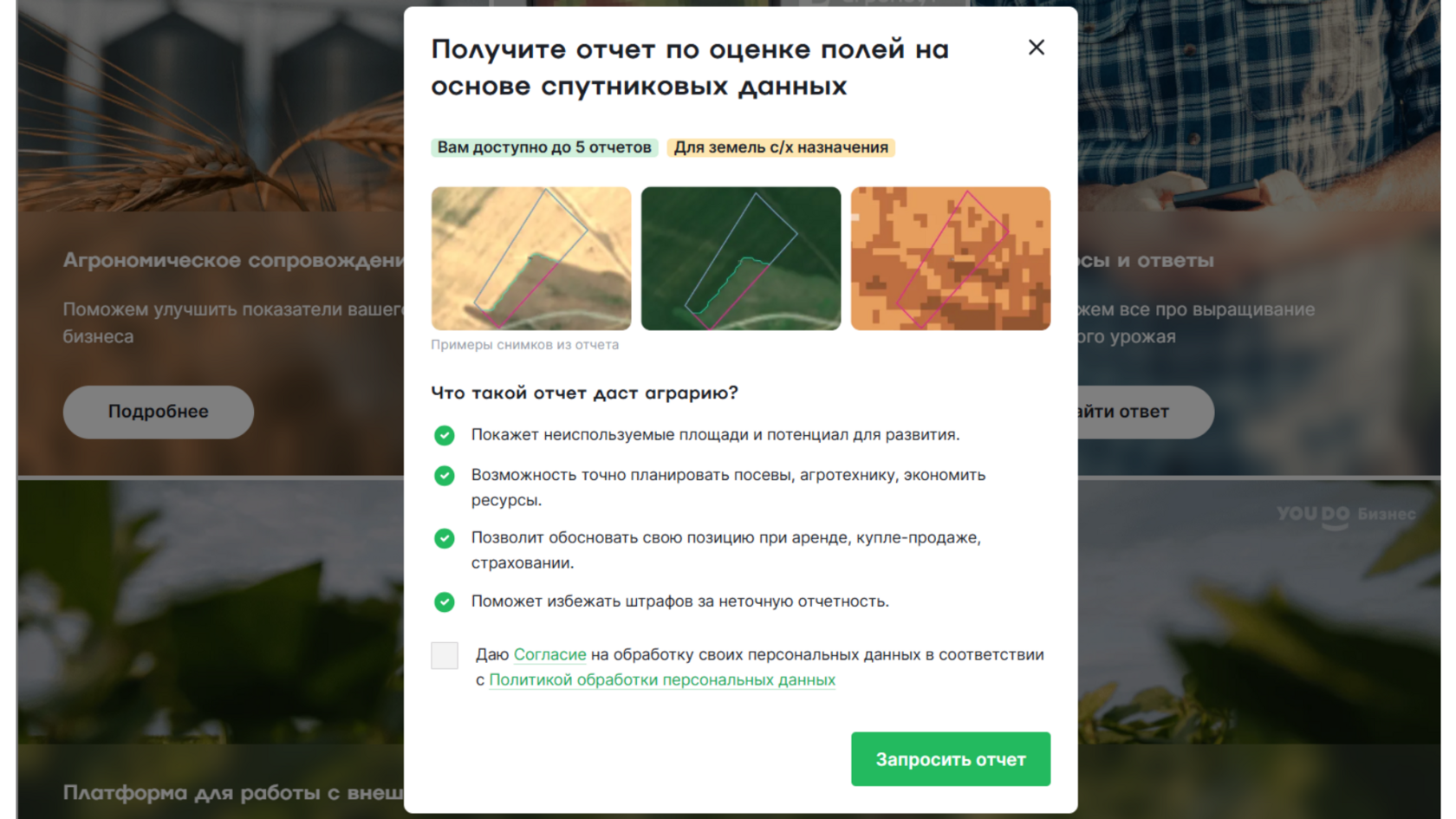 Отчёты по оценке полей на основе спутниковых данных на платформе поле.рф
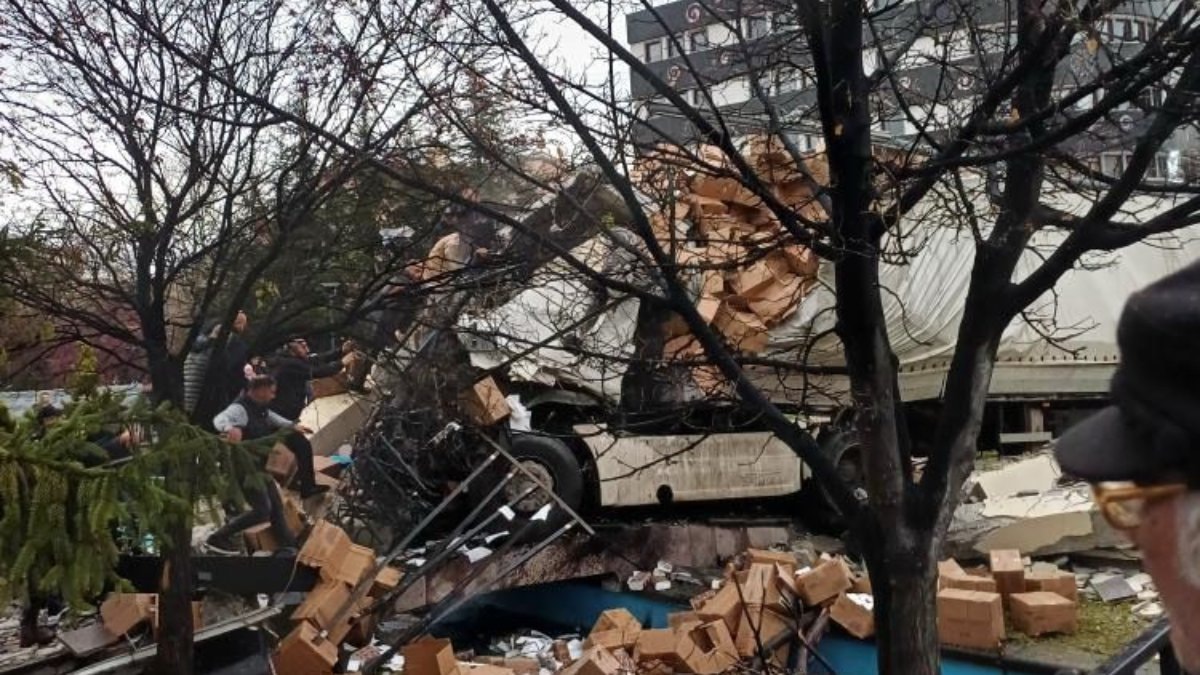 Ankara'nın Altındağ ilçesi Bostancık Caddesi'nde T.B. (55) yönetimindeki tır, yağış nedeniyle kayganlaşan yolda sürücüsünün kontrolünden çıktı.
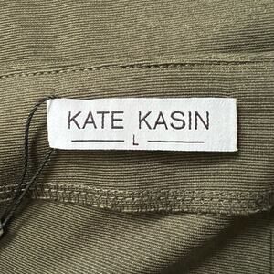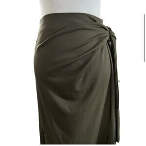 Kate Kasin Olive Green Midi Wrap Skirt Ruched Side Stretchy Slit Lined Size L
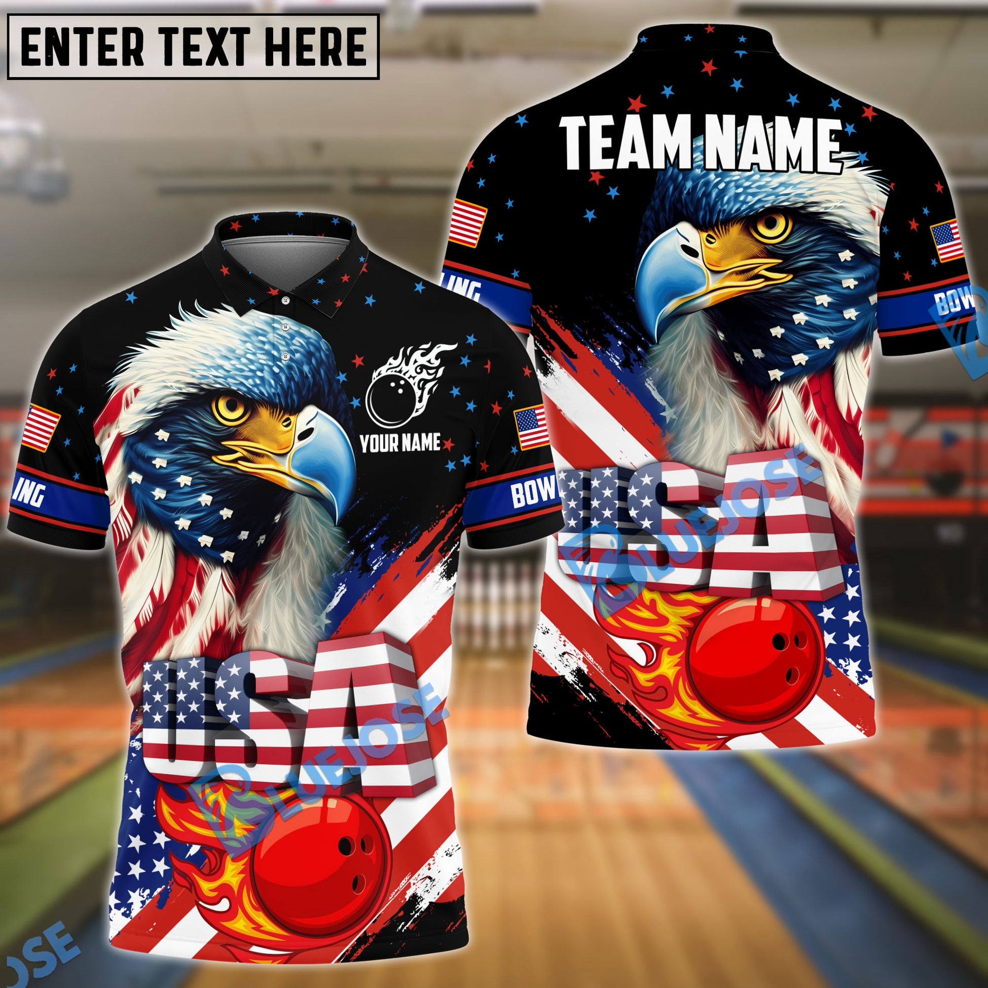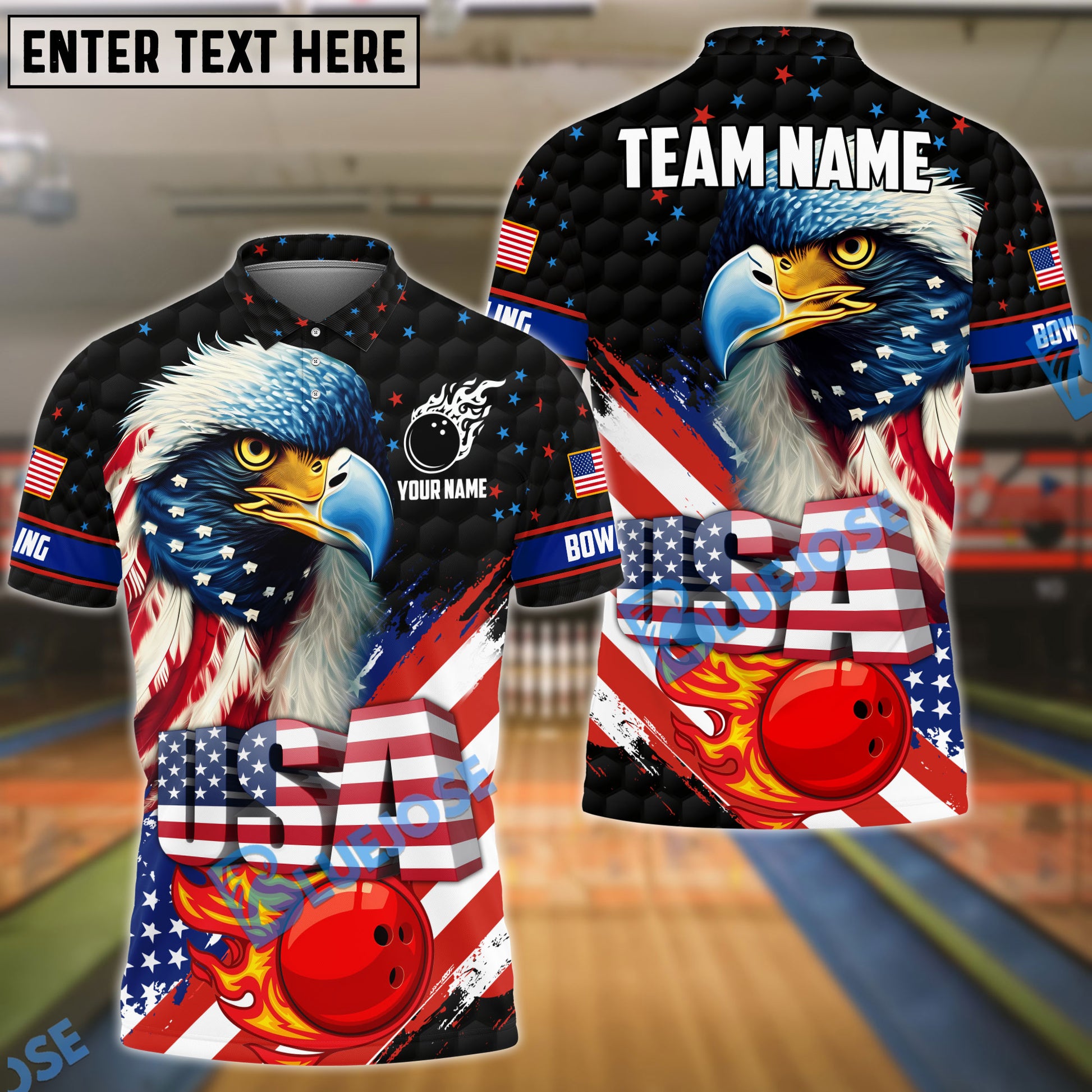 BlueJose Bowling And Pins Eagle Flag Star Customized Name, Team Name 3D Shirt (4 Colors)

→ Task description:
Word for word, retype all of the data above, but include no pictures.

→ Output for this exercise:
 Отчёты по оценке полей на основе спутниковых данных на платформе поле.рф
 Ankara'nın Altındağ ilçesi Bostancık Caddesi'nde T.B. (55) yönetimindeki tır, yağış nedeniyle kayganlaşan yolda sürücüsünün kontrolünden çıktı.
 Kate Kasin Olive Green Midi Wrap Skirt Ruched Side Stretchy Slit Lined Size L
 BlueJose Bowling And Pins Eagle Flag Star Customized Name, Team Name 3D Shirt (4 Colors)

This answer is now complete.